START Given data
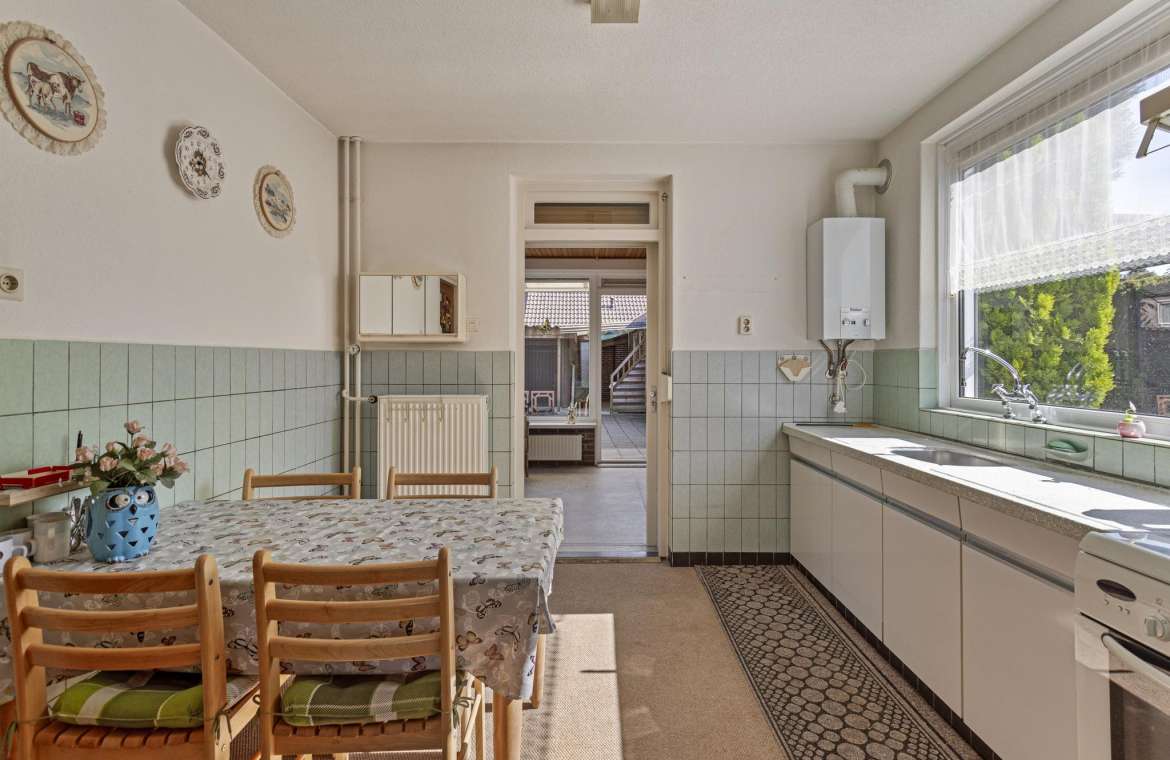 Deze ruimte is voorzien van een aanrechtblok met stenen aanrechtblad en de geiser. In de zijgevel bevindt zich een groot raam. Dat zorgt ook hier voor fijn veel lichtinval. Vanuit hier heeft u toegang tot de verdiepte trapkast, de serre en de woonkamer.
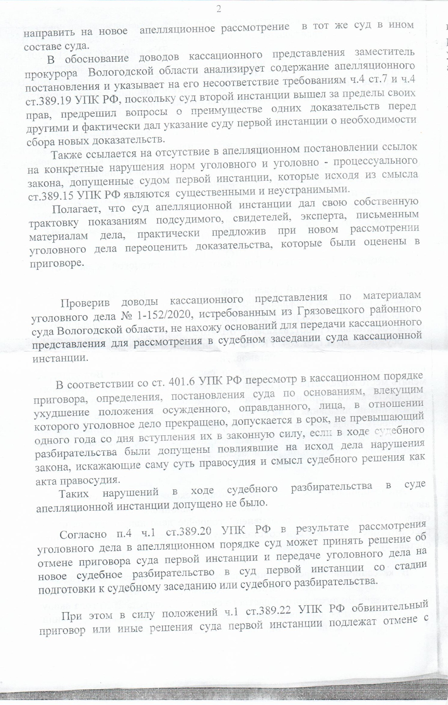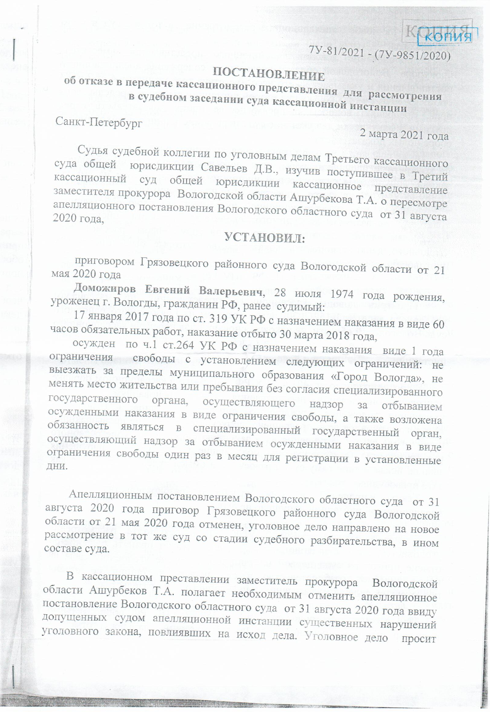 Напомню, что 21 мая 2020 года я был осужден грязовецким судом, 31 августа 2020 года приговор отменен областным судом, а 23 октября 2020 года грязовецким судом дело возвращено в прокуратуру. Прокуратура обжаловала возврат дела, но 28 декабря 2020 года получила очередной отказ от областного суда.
END Given data
START Given data
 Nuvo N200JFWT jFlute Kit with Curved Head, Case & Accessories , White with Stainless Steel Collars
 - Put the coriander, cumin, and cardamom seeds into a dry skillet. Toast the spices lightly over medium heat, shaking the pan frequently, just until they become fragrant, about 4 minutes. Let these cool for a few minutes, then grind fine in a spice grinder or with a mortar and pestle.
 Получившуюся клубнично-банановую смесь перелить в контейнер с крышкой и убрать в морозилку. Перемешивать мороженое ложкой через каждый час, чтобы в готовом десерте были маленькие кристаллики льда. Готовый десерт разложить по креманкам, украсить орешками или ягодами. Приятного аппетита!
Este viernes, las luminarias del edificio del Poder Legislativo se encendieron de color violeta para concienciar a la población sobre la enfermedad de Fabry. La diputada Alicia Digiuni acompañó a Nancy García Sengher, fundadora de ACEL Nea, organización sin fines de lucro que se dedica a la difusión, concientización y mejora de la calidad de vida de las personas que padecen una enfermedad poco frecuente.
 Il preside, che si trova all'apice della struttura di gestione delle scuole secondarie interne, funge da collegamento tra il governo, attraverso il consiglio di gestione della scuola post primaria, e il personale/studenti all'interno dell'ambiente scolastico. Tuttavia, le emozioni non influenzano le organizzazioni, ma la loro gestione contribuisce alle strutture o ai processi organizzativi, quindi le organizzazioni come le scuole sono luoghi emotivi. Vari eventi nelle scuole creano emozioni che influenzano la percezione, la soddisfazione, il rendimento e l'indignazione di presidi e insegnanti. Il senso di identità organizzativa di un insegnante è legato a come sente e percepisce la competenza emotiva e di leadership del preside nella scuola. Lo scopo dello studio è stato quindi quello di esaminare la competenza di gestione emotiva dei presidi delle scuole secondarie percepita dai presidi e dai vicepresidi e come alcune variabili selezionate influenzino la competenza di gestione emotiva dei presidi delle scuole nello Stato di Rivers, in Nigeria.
END Given data
=== What to work on ===
What is asked for is an exact copy of the lines above from the one containing "- Put the coriander, cumin, and" through the one containing "Este viernes, las", and only those.

=== Completed exercise ===
 - Put the coriander, cumin, and cardamom seeds into a dry skillet. Toast the spices lightly over medium heat, shaking the pan frequently, just until they become fragrant, about 4 minutes. Let these cool for a few minutes, then grind fine in a spice grinder or with a mortar and pestle.
 Получившуюся клубнично-банановую смесь перелить в контейнер с крышкой и убрать в морозилку. Перемешивать мороженое ложкой через каждый час, чтобы в готовом десерте были маленькие кристаллики льда. Готовый десерт разложить по креманкам, украсить орешками или ягодами. Приятного аппетита!
Este viernes, las luminarias del edificio del Poder Legislativo se encendieron de color violeta para concienciar a la población sobre la enfermedad de Fabry. La diputada Alicia Digiuni acompañó a Nancy García Sengher, fundadora de ACEL Nea, organización sin fines de lucro que se dedica a la difusión, concientización y mejora de la calidad de vida de las personas que padecen una enfermedad poco frecuente.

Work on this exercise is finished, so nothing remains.